Key Features of GitHub Actions
Now we will learn about the key components of the workflow.
Workflows
Workflows are automated processes that you define in your GitHub repository. They are made up of one or more jobs and can be triggered by GitHub events such as a push, pull request, issue creation, or by workflows. Workflows are defined in a YML file within the .github/workflows directory of your repository. You can edit it and rerun the workflow directly from the GitHub repository.
Jobs and Steps
Within a workflow, jobs define a set of steps that are executed on the same executor. Each step of a job can execute commands or actions, which are reusable pieces of code that can perform a specific task, such as formatting the code or training the model.
Events
Workflows can be triggered by various GitHub events such as push, pull request, forks, stars, releases, and more. You can also schedule workflows to run at specific times using the cron syntax.
runners
Corridors are the virtual environments/machines where the workflows are executed. GitHub provides hosted runners in Linux, Windows, and macOS environments, or you can host your own runner for more control over the environment.
Behavior
Actions are reusable units of code that you can use as steps within your jobs. You can create your own actions or use actions shared by the GitHub community on the GitHub Marketplace.

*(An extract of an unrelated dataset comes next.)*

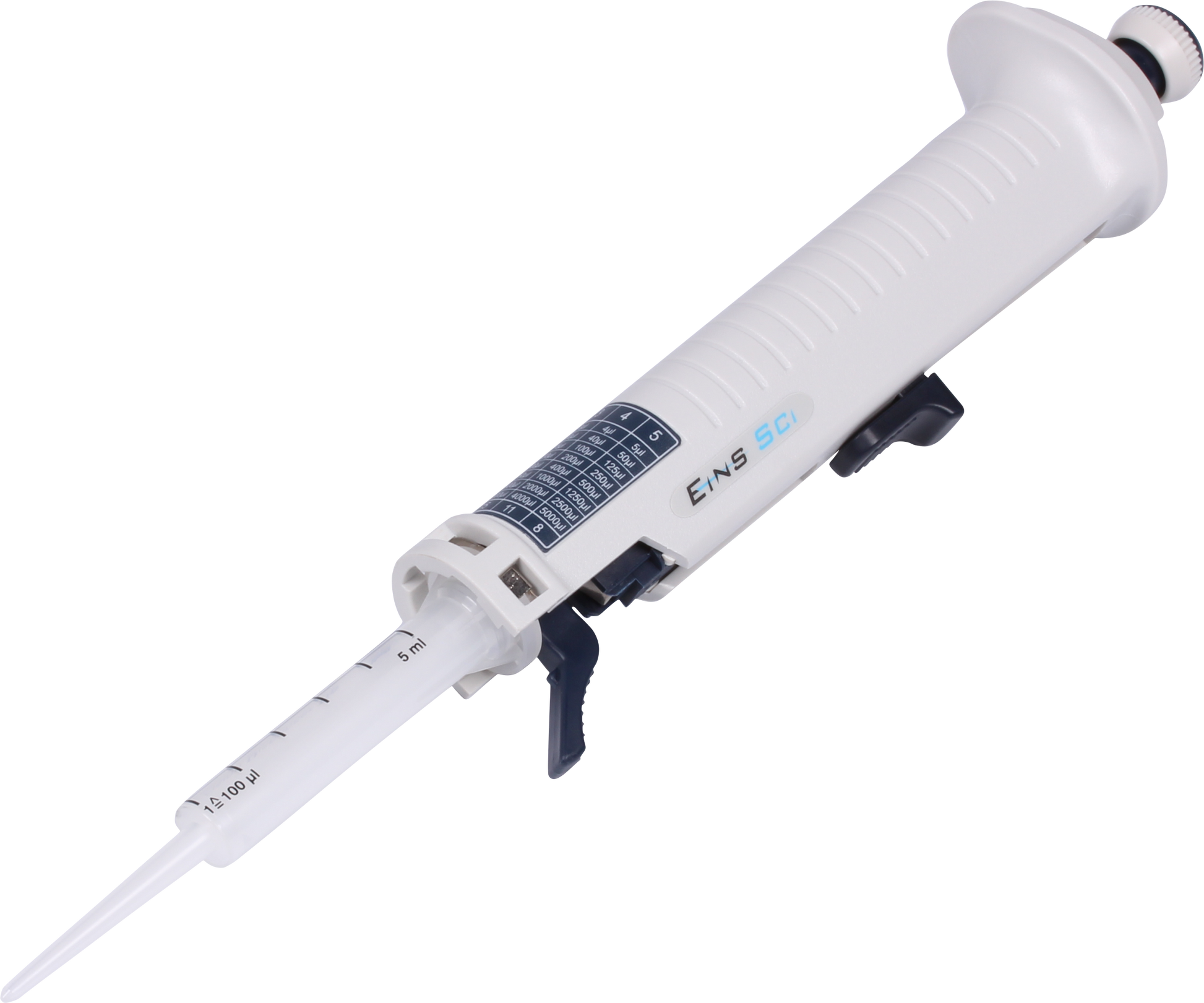 Repeatable Stepper Pipette, Dispensing Volume Range: 10-5000μl, Fits 7 Different Sizes of Disposable Tips, Up to 48 Dispensing Steps, Chart for Volume Indication on Unit, supplied with calibration certificate. Includes 1 x

GitHub Actions makes it easy for developers to automate their build, test, and deploy workflows directly within GitHub, helping to improve productivity and streamline the development process.
In this project, we will use two actions:
- actions/payment@v3: to check your repository so that the workflow can access the file and data.
- iterative/setup-cml@v2: to display the model metrics and confusion matrix below the commit as a message.
We will work on a simple machine learning project using the Bank turnover Kaggle dataset to train and evaluate a random forest classifier.
Setting
- We will create the GitHub repository by providing the name and description, verifying the readme and license.
- Go to the project manager and clone the repository.
- Change the directory to the repository folder.
- Start the code editor. In our case, it is VSCode.
$ git clone https://github.com/kingabzpro/GitHub-Actions-For-Machine-Learning-Beginners.git
$ cd .\GitHub-Actions-For-Machine-Learning-Beginners\
$ code .
- Create a `requirements.txt` file and add all the necessary packages to run the workflow successfully.
pandas
scikit-learn
numpy
matplotlib
skops
black
- Download the data from Kaggle using the link and extract it into the main folder.
- The data set is large, so we have to install GitLFS in our repository and crawl the train CSV file.
$ git lfs install
$ git lfs track train.csv
Training and evaluation code
In this section, we will write the code that will train, evaluate, and save the model pipelines. The code is from my previous tutorial, Optimize Your Machine Learning Workflow with Scikit-learn Pipelines. If you want to know how the scikit-learn process works, you should read it.
- Create a `train.py` file and copy and paste the following code.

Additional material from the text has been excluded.